# GIVEN INFORMATION
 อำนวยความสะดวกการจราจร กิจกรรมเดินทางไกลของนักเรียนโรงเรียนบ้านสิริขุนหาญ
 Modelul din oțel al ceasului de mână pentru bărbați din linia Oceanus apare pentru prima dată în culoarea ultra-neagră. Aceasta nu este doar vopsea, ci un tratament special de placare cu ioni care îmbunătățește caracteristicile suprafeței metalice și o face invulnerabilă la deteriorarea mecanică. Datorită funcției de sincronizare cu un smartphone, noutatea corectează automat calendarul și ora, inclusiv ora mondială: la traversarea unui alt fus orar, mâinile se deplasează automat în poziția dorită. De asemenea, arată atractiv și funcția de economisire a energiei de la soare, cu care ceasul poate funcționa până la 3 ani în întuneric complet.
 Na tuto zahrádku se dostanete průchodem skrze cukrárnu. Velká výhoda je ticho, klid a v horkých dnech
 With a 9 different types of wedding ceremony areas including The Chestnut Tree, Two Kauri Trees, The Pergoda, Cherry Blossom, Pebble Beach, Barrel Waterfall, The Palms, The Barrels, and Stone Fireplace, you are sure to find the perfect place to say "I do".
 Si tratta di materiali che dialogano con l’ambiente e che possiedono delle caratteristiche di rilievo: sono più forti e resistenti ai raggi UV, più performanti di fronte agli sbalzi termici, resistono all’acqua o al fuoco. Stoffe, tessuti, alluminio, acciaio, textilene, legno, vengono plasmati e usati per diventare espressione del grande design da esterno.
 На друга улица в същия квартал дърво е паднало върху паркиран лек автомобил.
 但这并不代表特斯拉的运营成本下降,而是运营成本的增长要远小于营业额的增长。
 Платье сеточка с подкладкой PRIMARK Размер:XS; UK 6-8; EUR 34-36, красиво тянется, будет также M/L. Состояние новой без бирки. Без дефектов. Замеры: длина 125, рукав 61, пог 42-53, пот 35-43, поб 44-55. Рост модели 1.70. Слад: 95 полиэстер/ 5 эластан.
---
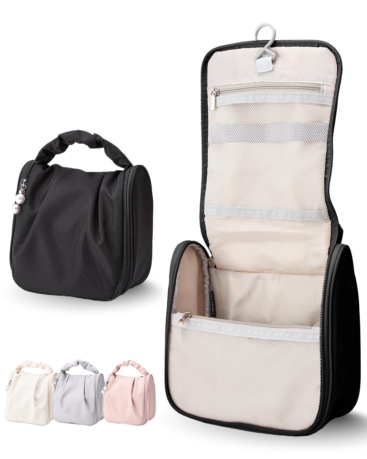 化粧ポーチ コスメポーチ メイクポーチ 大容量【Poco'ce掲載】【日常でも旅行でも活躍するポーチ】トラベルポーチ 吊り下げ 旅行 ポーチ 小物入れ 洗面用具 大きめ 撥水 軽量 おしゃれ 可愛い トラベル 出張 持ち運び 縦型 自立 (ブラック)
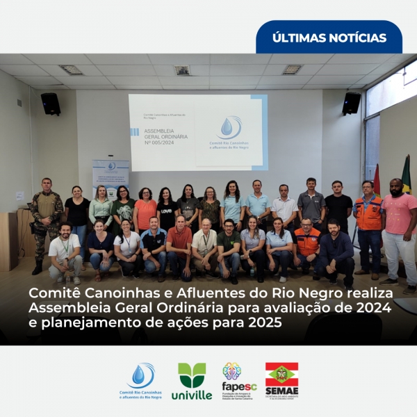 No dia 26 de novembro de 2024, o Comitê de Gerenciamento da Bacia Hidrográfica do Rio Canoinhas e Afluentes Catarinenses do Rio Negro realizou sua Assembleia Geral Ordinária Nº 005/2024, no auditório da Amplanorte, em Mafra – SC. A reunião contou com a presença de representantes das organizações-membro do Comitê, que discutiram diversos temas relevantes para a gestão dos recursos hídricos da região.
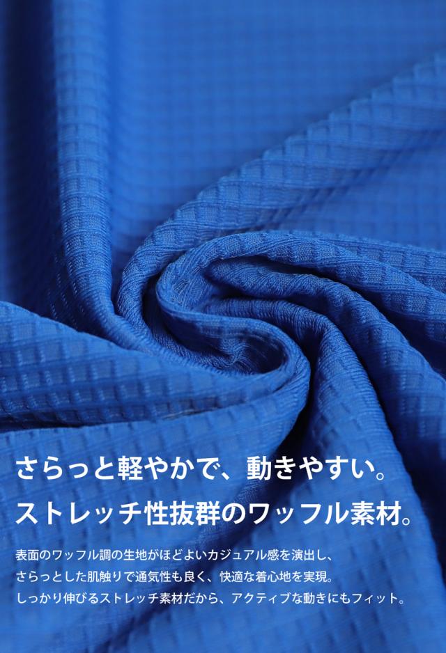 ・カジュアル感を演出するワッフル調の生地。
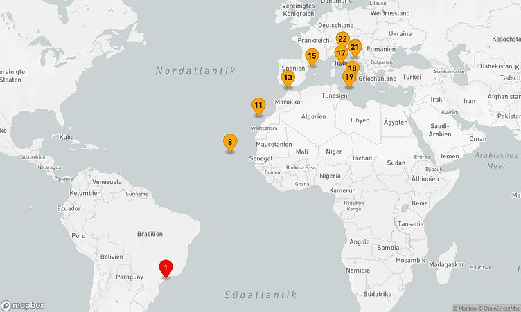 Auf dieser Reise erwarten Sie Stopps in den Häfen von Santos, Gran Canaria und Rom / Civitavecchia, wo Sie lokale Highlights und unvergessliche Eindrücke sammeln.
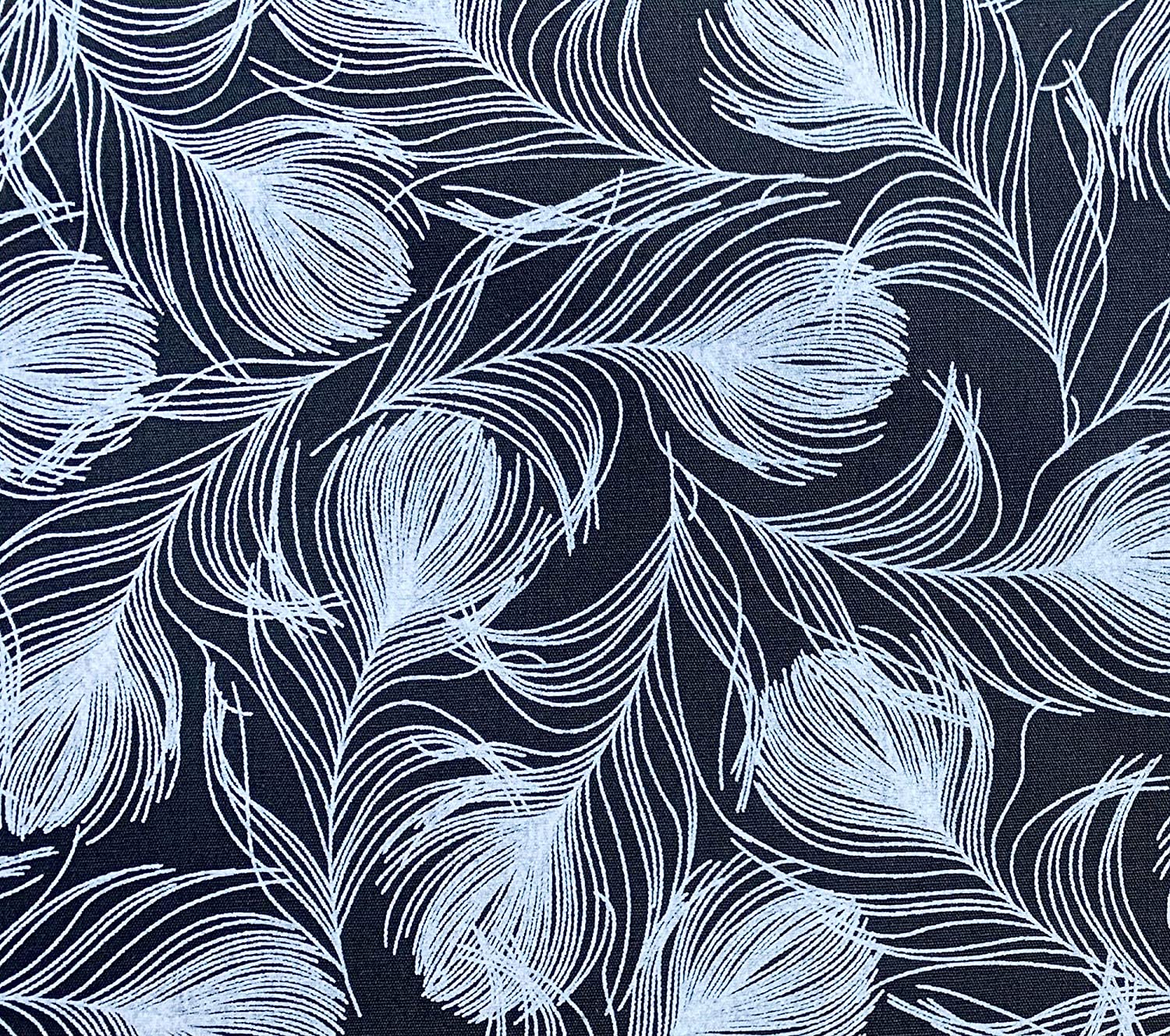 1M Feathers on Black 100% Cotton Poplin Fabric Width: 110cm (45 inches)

# PROBLEM DETAILS
Take the entries above and copy exactly the lines starting at the one with "化粧ポーチ コスメポーチ メイクポーチ" and ending at the one with "1M Feathers on"; nothing outside that span, and no pictures.

# TASK SOLUTION
 化粧ポーチ コスメポーチ メイクポーチ 大容量【Poco'ce掲載】【日常でも旅行でも活躍するポーチ】トラベルポーチ 吊り下げ 旅行 ポーチ 小物入れ 洗面用具 大きめ 撥水 軽量 おしゃれ 可愛い トラベル 出張 持ち運び 縦型 自立 (ブラック)
 No dia 26 de novembro de 2024, o Comitê de Gerenciamento da Bacia Hidrográfica do Rio Canoinhas e Afluentes Catarinenses do Rio Negro realizou sua Assembleia Geral Ordinária Nº 005/2024, no auditório da Amplanorte, em Mafra – SC. A reunião contou com a presença de representantes das organizações-membro do Comitê, que discutiram diversos temas relevantes para a gestão dos recursos hídricos da região.
 ・カジュアル感を演出するワッフル調の生地。
 Auf dieser Reise erwarten Sie Stopps in den Häfen von Santos, Gran Canaria und Rom / Civitavecchia, wo Sie lokale Highlights und unvergessliche Eindrücke sammeln.
 1M Feathers on Black 100% Cotton Poplin Fabric Width: 110cm (45 inches)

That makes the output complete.